Solidarity with all survivors: domestic violence and sex work
Saturday, May 28, 2016
At Sisters Uncut, we have been working to develop our organisational position on sex work. After a lot of thinking and discussion, we have concluded that it is a vital issue of safety and justice to support sex workers in their call for the full decriminalisation of sex work. This blog seeks to highlight why this topic is of relevance to us, as an organisation that is focused on domestic violence, and to explain our thinking.
If you’re wondering why we are not supporting the Nordic model or ‘sex buyer law’, the short answer is that we don’t believe that pushing already precarious women (and people of other genders) further into poverty makes them safer. You can read in more detail about our stance here.

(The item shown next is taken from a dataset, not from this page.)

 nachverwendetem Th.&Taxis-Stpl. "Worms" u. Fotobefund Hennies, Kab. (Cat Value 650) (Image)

Sex work policy is a fraught issue within the women’s movement. However, this conversation is relevant to Sisters Uncut because criminalisation and stigma create additional barriers to help for sex working women (or people of any gender) who are experiencing domestic violence. As it stands, the police may dismiss reports of domestic violence from sex workers, or even threaten to arrest those making reports of violence for soliciting or loitering. Indoor sex workers are also routinely targeted for arrest and prosecution on the basis that two sex workers sharing a flat for safety are ‘brothel-keeping’, and they can both be charged as such. This criminalisation means sex workers are fearful of drawing police attention to themselves for any reason, and are therefore less able to contact the police if they are also experiencing domestic violence.
Furthermore, many sex workers fear that leaving their abusive partner will mean losing contact with their children, as child custody battles are a documented way for abusers to continue to exert power over former partners. Sex workers going into the family courts system have little faith that their line of work will not be used against them the perpetrator, and held against them by the courts.

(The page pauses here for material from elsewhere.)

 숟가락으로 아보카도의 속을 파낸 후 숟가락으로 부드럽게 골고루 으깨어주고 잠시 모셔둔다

Finally, sex workers in the UK often have limited access to housing, as laws around “living on the avails” can criminalise any landlord who knowingly takes rental income from a sex worker. Although prosecutions are rare, many letting agents and landlords refuse to rent to sex workers, pushing sex workers into potentially exploitative relationships with less regulated landlords. Even access to social housing can be blocked – for instance, the 2014 Housing (Scotland) Act contains clauses which de-prioritise anyone with a prostitution-related conviction, including for soliciting, as well as a broader ‘immorality clause’ that again de-prioritises sex workers.
All of the above issues are clear examples of ways in which sex working domestic violence survivors have their rights to safety and justice blocked, and as such campaigning for change here falls well within our organisational remit as a group concerned with safety and justice for people experiencing domestic violence. The problems that we have outlined are compounded for many people who sell sex: for instance, if in addition to selling sex they are undocumented, drug-using, women of colour, disabled, or LGBTQ they may have even greater fear that they will be disbelieved, or criminalised, should they seek help.
Sex worker-led organisations in the UK have an analysis that takes seriously questions of criminalisation, safety, and poverty. Sisters Uncut support the sex worker movement in their self-organisation, and in their demands, which include full decriminalisation, as well as labour rights, migrants’ rights, drug policy based on evidence and in harm reduction, and an end to benefit cuts, poverty and austerity. In particular, we back the sex worker movement in their calls for:
- The repeal of soliciting and loitering laws which directly criminalise street-based sex workers, and the end of ASBOs and ‘prostitute cautions’;
- The repeal of laws against kerb-crawling, which endanger street-based sex workers – where a client is jumpy and stressed, the worker has less time to assess him, discuss services, or note down his car number-plate before getting into his car;
- The repeal of brothel-keeping laws so that sex workers can work together indoors in small groups for safety without fearing arrest, and so where sex workers work for a manager, that manager is subject to labour laws that have been set by sex workers;
- The repeal of laws that criminalise sex workers’ partners, housemates, and even the maids or drivers that they might employ for their safety. While relatively rarely used, these laws mean sex workers are fearful of taking the security measures they might wish to use, and of drawing police attention to themselves;
- The ability for sex workers to meaningfully unionise and organise in their workplaces in order to improve their working conditions; a right that is currently out of reach in any real sense as it is not possible to organise for better conditions in a criminalised workplace;
- An end to benefit cuts and sanctions, an end to austerity, and serious and sustained anti-poverty measures to ensure that no one is pushed into sex work through financial need; and
- A paradigm shift in anti-trafficking. Currently, the criminalisation of migration pushes migrants into exploitative relationships with third parties from whom they seek help to cross borders, and the state’s response is further policing and crackdowns, sometimes in the name of “rescue”. We support migrant sex workers – and all migrants – in their right to cross borders and to work, and we join the sex worker rights movement in calling for legal rights and labour rights – not criminalisation – as the key to tackling exploitation of migrant workers in all industries.
We will work alongside organisations such as the English Collective of Prostitutes, the Sex Worker Open University, x:talk and ScotPep in our shared fight for safety and justice for all survivors.